What are the purpose of these directories? They probably should not be git tracked? These directories will be 'ignored' by R CMD build but still cloned over. The desired state is closer to only package relevant files on the master/git repository.

Response (from Gabriel Odom): To clarify, I changed the directory from tests/ to testing_files/ so that R wouldn't run my tests every time I checked the package. I have now removed this directory from the package as you suggested.


Vignette Comments

Comment:

Include Bioconductor installation instructions

Response: We have added Bioconductor installation instructions to the "Introduction to PathwayPCA" and "Supplement 1 - Quickstart Guide" vignettes.

Comment:

If you created your own class, you show have accessor methods for common slots of interest to avoid direct access. eg. [1] "aespcOut" "pathwayPCA" "list" and ovarian_aespcOut$pVals_df. Could perhaps benefit from an accessor method for pVals?
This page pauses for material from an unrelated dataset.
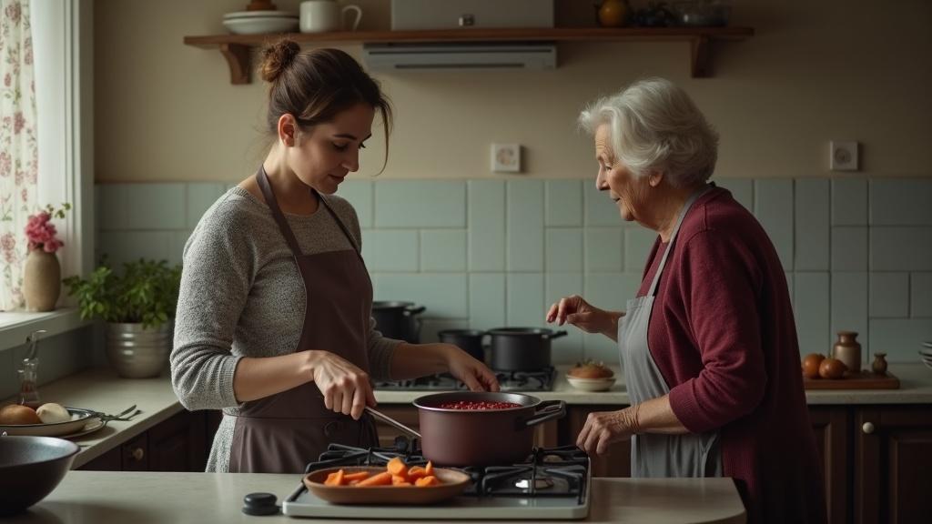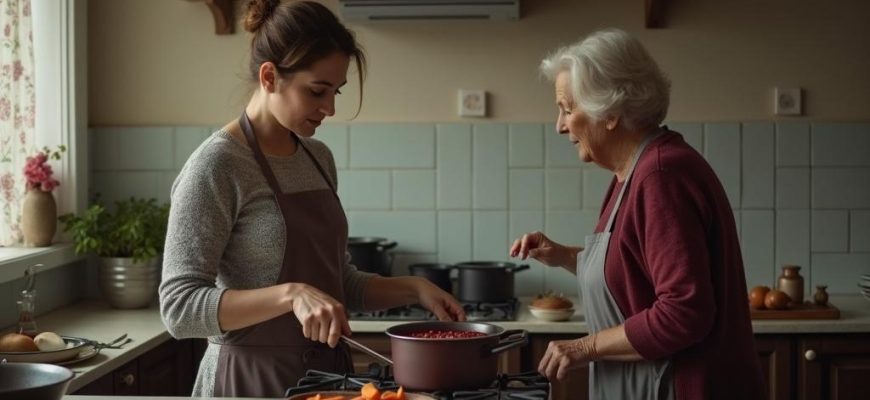 — Опять морковь крупно режешь, — проворчала пожилая женщина, заглядывая в кастрюлю. — Я же тебе сто раз показывала, как надо.

Response: This is an excellent suggestion. As you suggested, we have added getPathpVals() as an accessor function for the table of $p$-values returned in objects of class aespcOut and superpcOut. The vignettes "Introduction to PathwayPCA", "Supplement 1 - Quickstart Guide", and "Supplement 4 - Methods Walkthrough" now all make use of this new accessor function.

Comment:

You perform a modification

ovOutGather_df <-
ovarian_aespcOut$pVals_df %>%
mutate(score = -log(rawp)) %>%
slice(1:20) %>% 
select(-pathways, -n_tested, -rawp, -FDR_BH)
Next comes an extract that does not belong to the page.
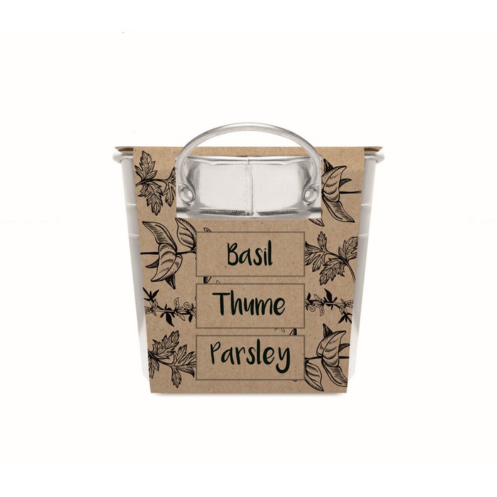 - Semillas de albahaca, tomillo y perejil, incluye abono

But it is unclear to me why? Also couldn't this be automated for the user instead of manually run?

Response: As you suggested, we have implemented a new function that automates this modification. The new accessor function getPathpVals() has functionality to select the most significant $k$ pathways, transform the $p$-values, and remove the pathways and n_tested columns.


Miscellaneous

Data Documentation

Comment:

In the man pages for colonSurv_df.Rd please include the source information for data where this subset was taken from.

Response: We have included a citation of GEO GSE17538 in the documentation for the colonSurv_df data object.

PDF Manual

Comment:

Remove this from the top level directory (git rm)

Response: The file pathwayPCA.pdf has been removed from the package and from git.